In a video address, Hackney GP Dr Anu Kumar thanked people for the precautions they have taken this far, but added: "Sadly however cases in the hospital are rising rapidly.

"Our real patients are dying and our real families are grieving so over Christmas let's just try to make this as safe as we possibly can, following the guidance, wearing masks, social distancing, hand washing,  isolating if you have symptoms.

"We really do want to protect this wonderful community and my colleagues, so let's just make this Christmas as brilliant and as safe as we possibly can."

Students get a Covid-19 test at a mass testing centre set up at the sports centre at St Andrews

A Covid-19 testing centre - Credit: PA Wire/PA Images

Professor Neil Ferguson of Imperial College has said there have been "explosive" outbreaks in schools in London and the South East in the past few weeks.

Fears have been raised that children could be more susceptible to the "mutant" strain of the virus.

In Hackney however, according to the latest figures, the largest number of cases were in the 30-39 year age group, where 324 cases were recorded - up 148 per cent from the week before.

Cases in the 20-29 year age group went up by the most at 184pc, to 324.

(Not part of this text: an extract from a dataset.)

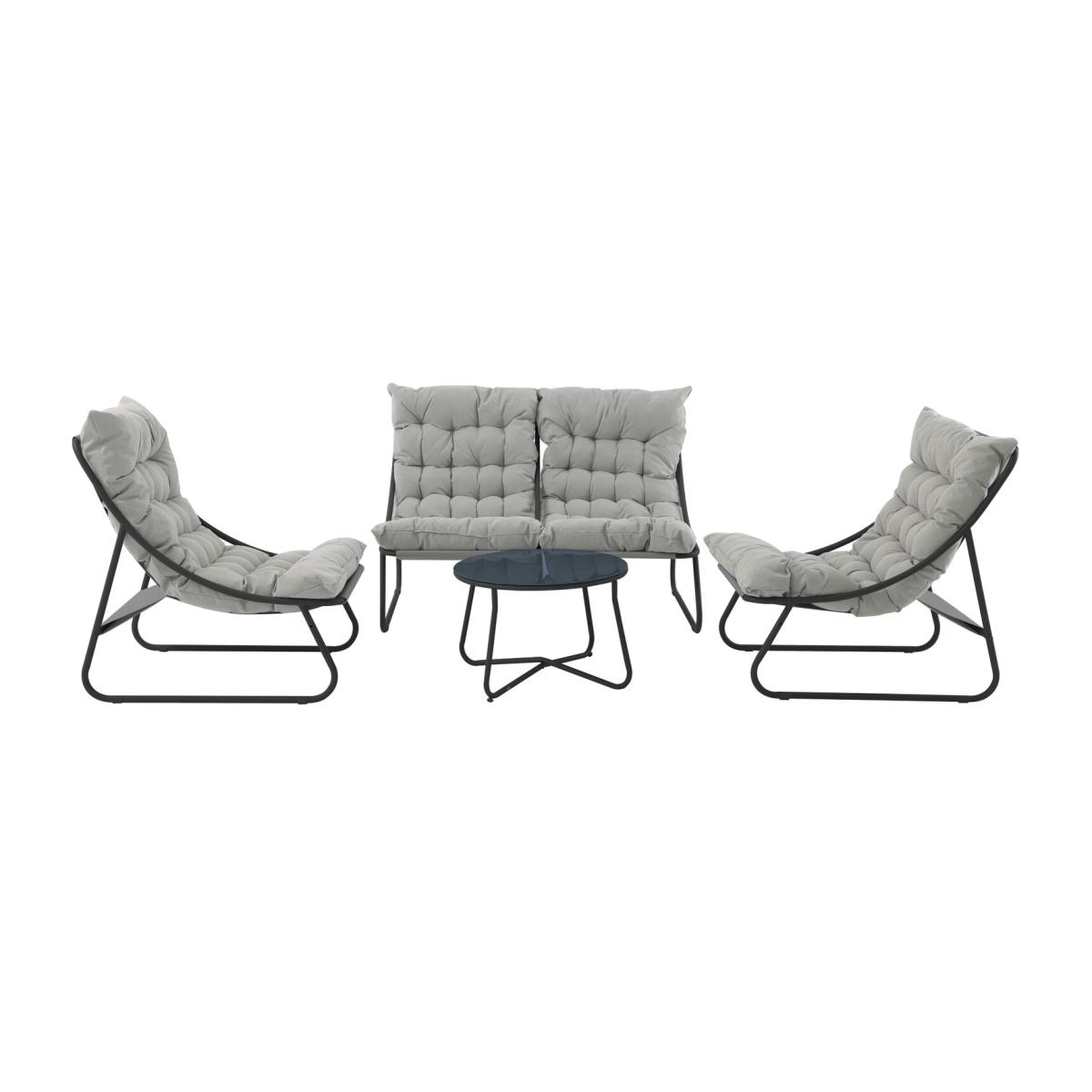 The Aregno Outdoor Seating Set is a contemporary outdoor conversation set designed to bring comfort and style to any garden, patio or balcony space. This elegant set includes a two-seat sofa, two matching chairs, and a round 60cm diameter coffee table, perfect for casual outdoor gatherings. Built with a strong black metal frame and featuring thick light grey cushions, the Aregno set offers both durability and relaxation. Its modern design suits a variety of outdoor settings, while quick, efficient delivery and guided self assembly ensure a hassle-free setup. The Aregno Outdoor Seating Set is the ideal choice for those seeking a practical and stylish outdoor living solution.
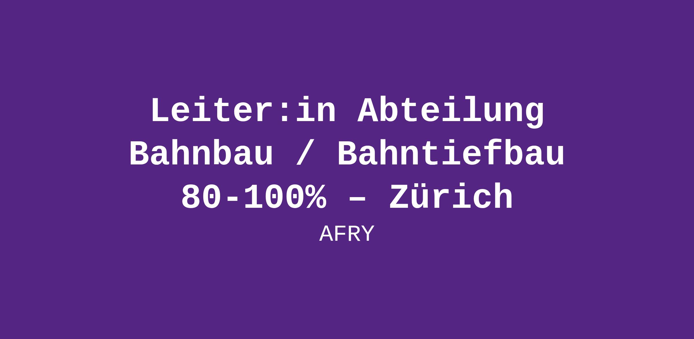 LEITER:IN ABTEILUNG BAHNBAU / BAHNTIEFBAU 80-100% – ZÜRICH

Amongst school age children, 175 cases were recorded amongst 10-19 year olds, and 85 in infants up to nine-year-old age category in Hackney.

There were just 11 cases in the over 80s.

Cases have been scattered evenly around the borough with the most recorded in London Fields ward with 92, and the least, with just 35, in Stamford Hill West where the virus was once most prevalent in the borough.

Hackney and the City have the 11th highest coronavirus incidence rate in London, with 466 cases per 100,000, compared to Havering which has the most with 925 per 100,000.

According to the Office for National Statistics, a third of those testing positive for coronavirus did not report any symptoms at the time of their test.